Genomic comparisons. (a) Linear representation of the synteny of thalassoarchaeal contigs with MG2-GG3-assembled genome and A. boonei T469. (b and c) Comparative genomic organization of thalassoarchaeal contigs. Conserved genomic regions between contigs are indicated by gray shaded areas, gray intensity being a function of sequence similarity by BLASTN. Specific ORFs mentioned in the text are highlighted by a graphic code.

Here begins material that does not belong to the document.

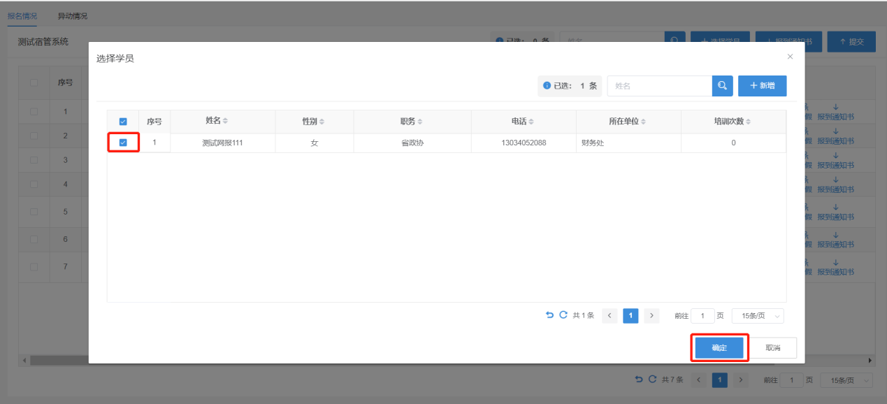 4.勾选需要参加培训的学员,点击“确定”键,弹出“报名主页面”。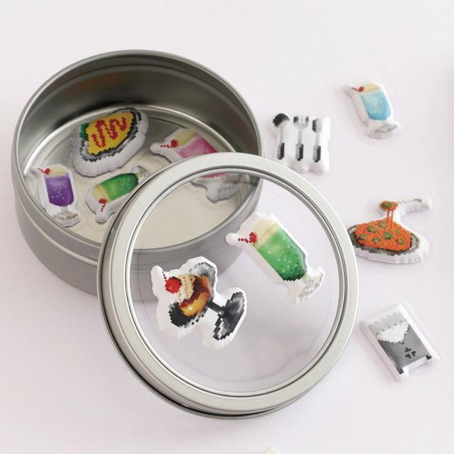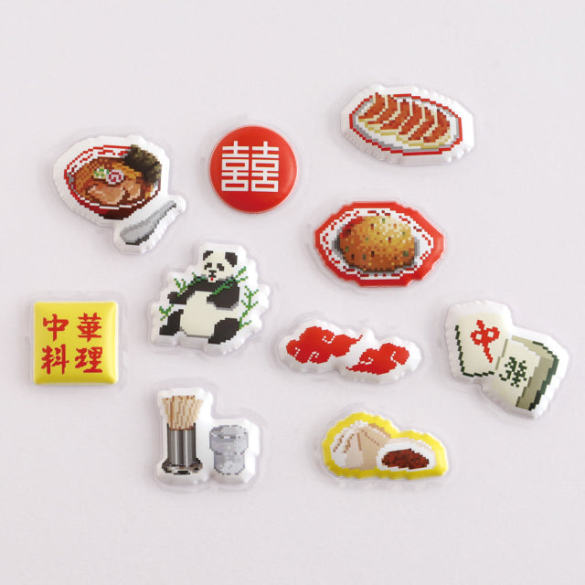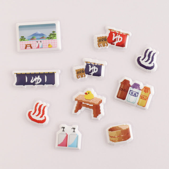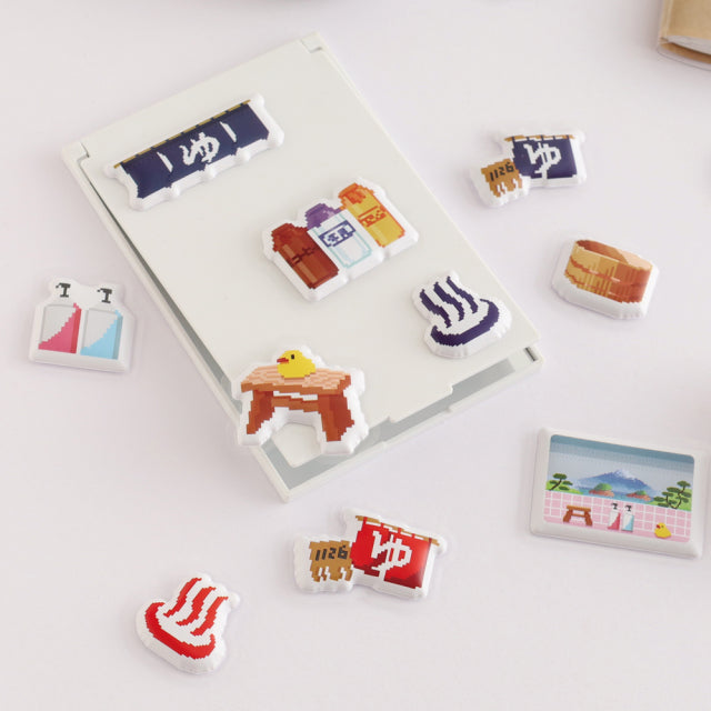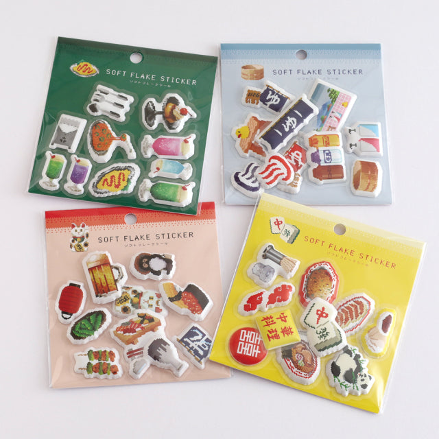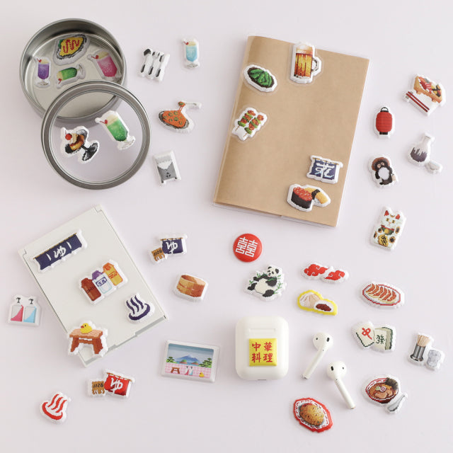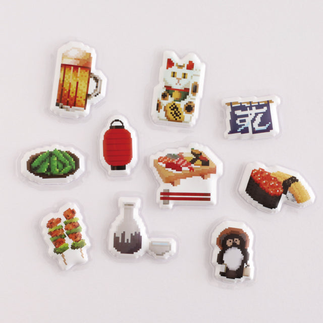 Squishy flake stickers The "pixelook" series depicts various aspects of Japanese culture through pixel art.

The identity of the two thalassoarchaeal 16S rRNAs (94%) indicates that more than one species were present simultaneously in the fosmid collection. In addition, we found several contigs from overlapping genome regions that were largely syntenic but which average nucleotide identity (ANI) ranged from 98% to 80% (Figure 4), i.e. consistent with more than one species being present. To establish how many we searched among the DNA fragments for different versions of 36 housekeeping genes (Supplementary Table 3). The results indicate that although there are clearly more than one abundant species, their number is likely not very high, probably two, and diverging less than 20% ANI, i.e. within a single genus. The use of other sequence parameters such as codon usage, pentanucleotide frequencies, %GC or the coverage in the metagenomes did not permit to separate them.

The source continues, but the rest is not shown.